Well if your bundling were to include a single game, it would be transparent for the Xbox gamer. They have to aquire (presumably buy) at least a single game to upgrade from ottoman to a game console. It would change the advertised price from a "bare" console up to a console and basic game. I doubt that many purchasers never buy a single game, and by tour model, Microsoft doesn't want them as customers anyway.

Steve R.

Fascinating discussion. My feeling are along the lines of Xcott and iTunes. In a capitalistic system, if you do not effectively price your product, too bad.

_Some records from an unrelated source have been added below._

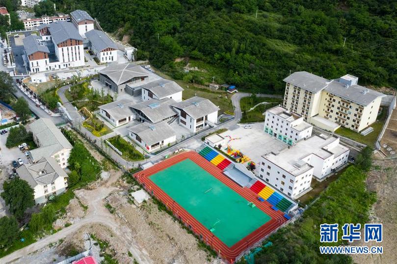 這是四川省阿壩藏族羌族自治州九寨溝縣九寨溝小學(xué)(原漳扎鎮(zhèn)小學(xué))和九寨溝縣第二人民醫(yī)院(后)(無人機(jī)照片,6月18日攝)。 新華社記者 沈伯韓 攝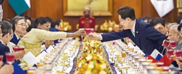 - ▲ 韩国总统李在明与印度总统穆尔穆在共进晚宴时干杯 – 韩国总统李在明当地时间20日在印度新德里总统府举行的韩印国宾晚宴上,与印度总统德劳帕迪·穆尔穆干杯。/纽西斯
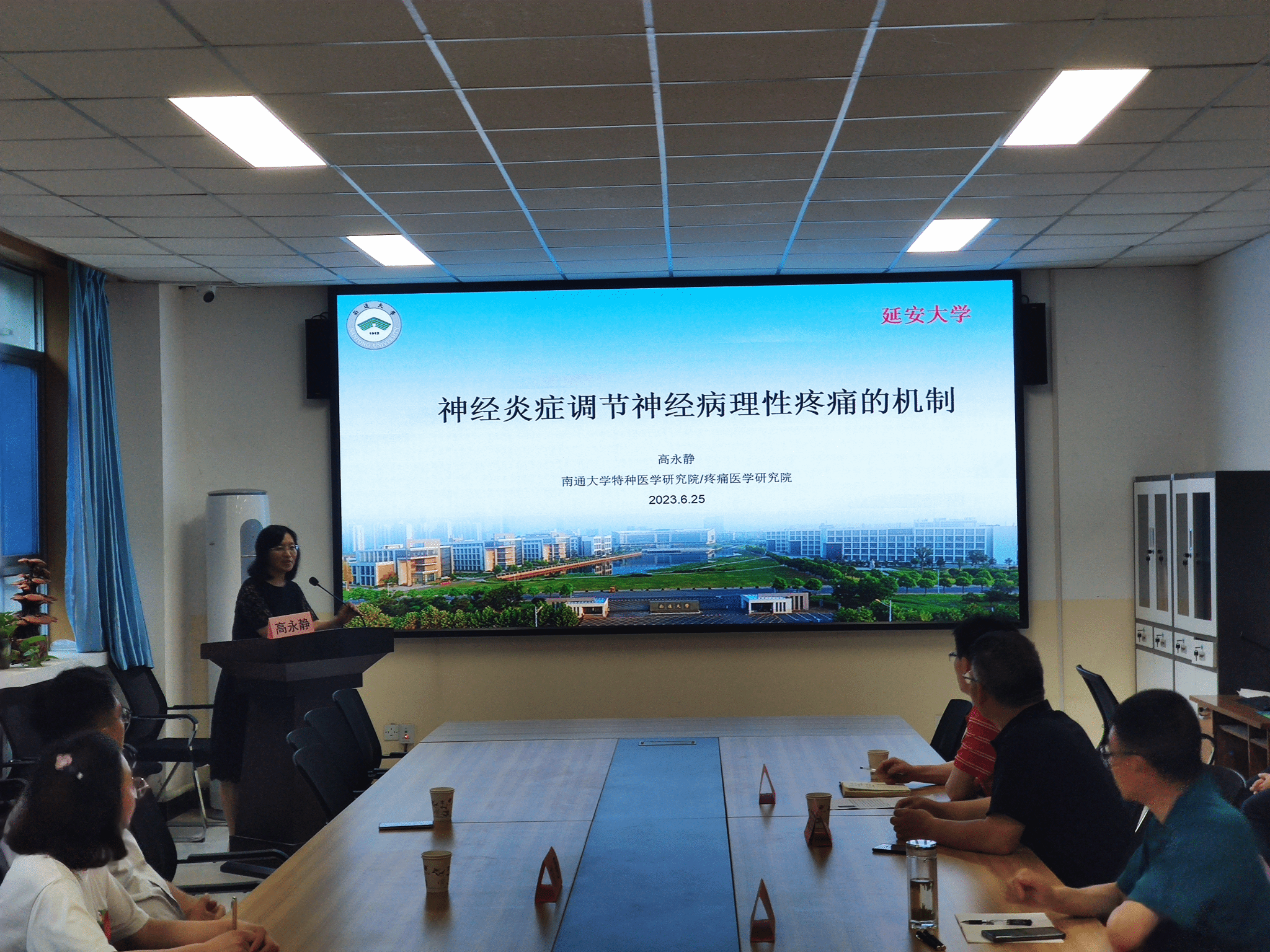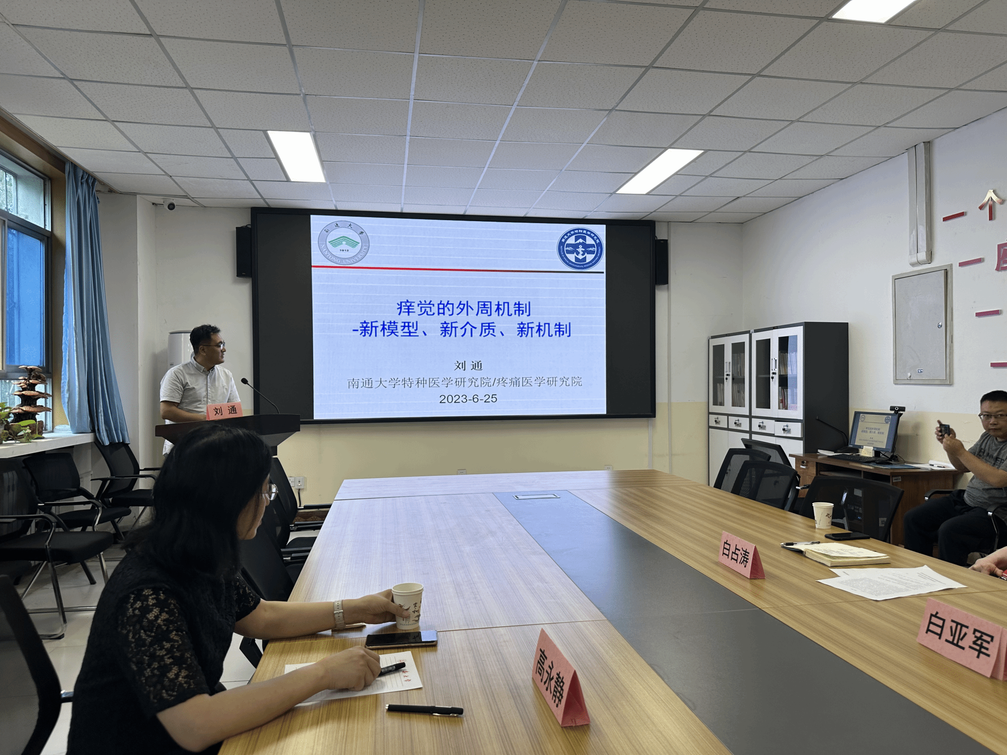 2023年6月25日上午,南通大学特种医学研究院高永静教授、刘通教授,受邀在永利集团杨家岭校区特立楼二楼会议室为公司师生作题为“神经炎症调节神经病理性疼痛的机制”和“瘙痒外周机制的研究进展”的学术报告。报告会上,高永静教授就神经炎症调节神经病理性疼痛的趋化因子调控,神经细胞疼痛刺激趋化因子相关受体类型与表达的变化分析,疼痛下突触传输增强的多种基因参与感受调控等研究内容展开了细致严谨的汇报。刘通教授对瘙痒的外周机制的历史、主流科学假说、研究进展与动物模型建立做了系统的梳理与总结,并分享了课题组关于五羟色胺和瞬时感觉通道-4亚型参与的痒觉调控发生新机制的研究成果,两位教授的精彩报告引起台下教师们和研究生们的热烈讨论。

To explain further; once the product is "sold", the manufacturer should have no further interest in how the product is actually used. Unfortunately, we are moving in the direction of asserting that products are no longer sold but are actually licensed to be only used under certain conditions unilaterally imposed by the manufacturer. This is wrong.

Former Chicago student

I think one aspect you failed to take into account is that public policy also needs to recognize probable future outcomes.

The reality is that the Xbox will be hacked. There is no way to prevent this from happening...nothing Microsoft can do will really prevent it. What Microsoft and the government can do is reduce the probability that such a 'hack' becomes widespread.

There are several famous quotes from technology executives to the extent of "People don't hack hardware", which have been proven to be dead wrong. Even for obscure products, like Transmeta's Crusoe processors, this was wrong. Clean room reverse engineering is rather easy with current tools...it's something almost any EE graduate student can do in a relatively short period of time.

A reasonable debate should be predicated on probable outcomes. I'm not sure that is really the case currently, since it appears that most law makers don't have a bloody clue.

Also, while US policy may prohibit it, foreign laws likely won't (think China). Uneven global enforcement of such laws may be functionally equivalent to no enforcement (i.e. a market for modded Xbox's imported from China will likely develop).

Ultimately, this seems like a problem that can only be partially solved by legislation. A real solution would require appropriate pricing by microsoft and legislation.

Also, there are actually two separate issues here. The big problem with folks hacking the Xbox is that they can then pirate games easily. A lesser problem is installing Linux on the xbox. One is probably an order of magnitude (or more) greater than the other.